Лицо Рагамы расплылось в широкой ухмылке. "Ваш вид больше похож на него, чем наш", - сказал он, и с тех пор я размышляю над этими словами. "Тогда ты понимаешь, почему он не разрушает то, что создал".
"Понимаю", - сказал я, и снова в моих глазах заблестели слезы.
Кассандра...
Я бы уничтожил и ее, и ради чего? Чтобы облегчить свою боль?
Мы вьючные животные, мы, мужчины. Мы боремся, и эта борьба наполняет нас.
Тень Гибсона сказала мне эти слова.
Тихий сказал мне эти слова.
"Ты понимаешь, что ты должен делать?"
Ищи трудности.
"Воргоссос, - сказал я, - на Воргоссосе… есть оружие, созданное машинами древности. Оно способно уничтожить остальных".
Рагама подошел ближе. "Твой путь не будет простым, а ноша - легкой".
"Это неважно", - сказал я. "Так и должно быть".
"Тогда ты возобновишь свою клятву?" Великан остановился у подножия возвышения и встал так, чтобы наши глаза оказались на одном уровне. "И доведешь до конца начатый тобой курс?"
"Я готов".
Umal naqodra!
Сказал великан.
Тогда преклони колени!
Ни
Задохнувшись, я понял, что это такое.
Это была рукоять.
Я сидел, застыв на месте, не в силах пошевелиться, пока Судья сжимал рукоять в кулаке и вытягивал ее из себя.

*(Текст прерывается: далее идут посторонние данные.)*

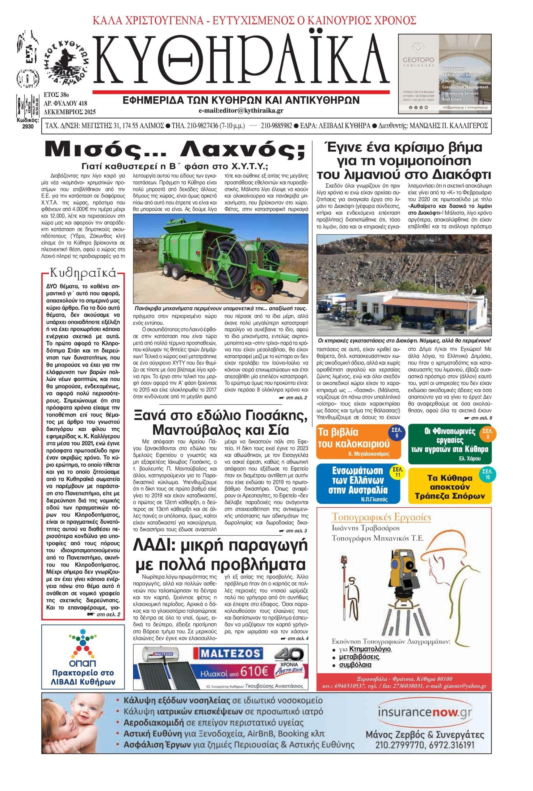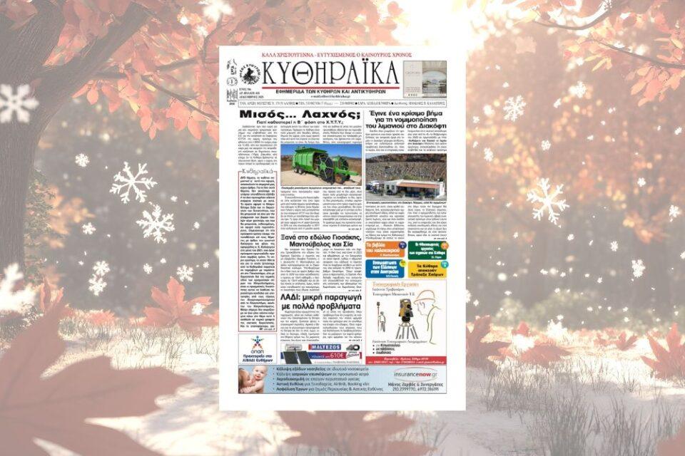 Κυκλοφόρησε το φύλλο Δεκεμβρίου 2025 της εφημερίδας «ΚΥΘΗΡΑΪΚΑ»

Ни один кузнец из десяти тысяч миров не назвал бы мечом то, что вытащил Судья. Это был кусок грубого железа, искривленный и изогнутый. И он пылал, как будто в животе у существа была печь. Его края сверкали, как у новой кованой вещи, и он поднял его над головой.
Когда меня посвятили в имперские рыцари, клятв, которые я давал, был легион. Я несколько минут стоял на коленях перед Императором, прежде чем Его Сиятельство возложил меч власти на мои плечи. Цезарь задал, как мне тогда казалось, сотню вопросов.
Я дал так много клятв - почти все они были нарушены.
Рагама не задавал вопросов, не требовал дальнейших клятв.
Я ожидал, что он заговорит, начнет какой-нибудь обряд или благословение, или возложит этот сверкающий меч мне на плечо. На голову.
Вместо этого он взмахнул рукой, и тысяча невидимых рук удерживали меня на месте, когда он вонзил раскаленный меч в мое сердце.
ГЛАВА 41
ПРЕОБРАЖЕНИЕ
Мой первый, новый вдох принес боль, острую и холодную. Я был обнажен и дрожал на холодном металлическом полу. Мои глаза медленно сфокусировались. Тяжело дыша, я перевернулся на спину и уставился на черный потолок с бледными круглыми огнями. Было что-то знакомое в этих светильниках, в этом черном металле, в латунном покрытии фурнитуры, на панели управления у дверей - и на самой двери.
Я был на корабле. Этот черный и бронзовый... Я узнал бы его где угодно, это был характерный стиль военного корабля Солланской империи. Сон закончился. Мрачный город Ллесу с его умирающим солнцем исчез. Я был один, даже без сопровождающего белого шума работающих механизмов.
Все было тихо, как в могиле.
С трудом приподнявшись, я перекатился на бок, чувствуя, как все тело ноет от холода. Воспоминание о Рагаме, о прикосновении меча Судьи молнией пронеслось в моем сознании, и я поднес руки к лицу.
Делай, что должно.
Мои руки.
Были ли они действительно моими? Я протянул их, чтобы осмотреть, хотя они дрожали, как листья на ветру. Они были девственно чисты, без единого пятнышка или изъяна, гладкие, как руки из мрамора. Шрам от криоожога на большом пальце левой руки исчез, как и следы от меча Иршана, и не было никаких следов операции, которую Элкан провел на Нессе, восстанавливая пальцы, отнятые Дораяикой.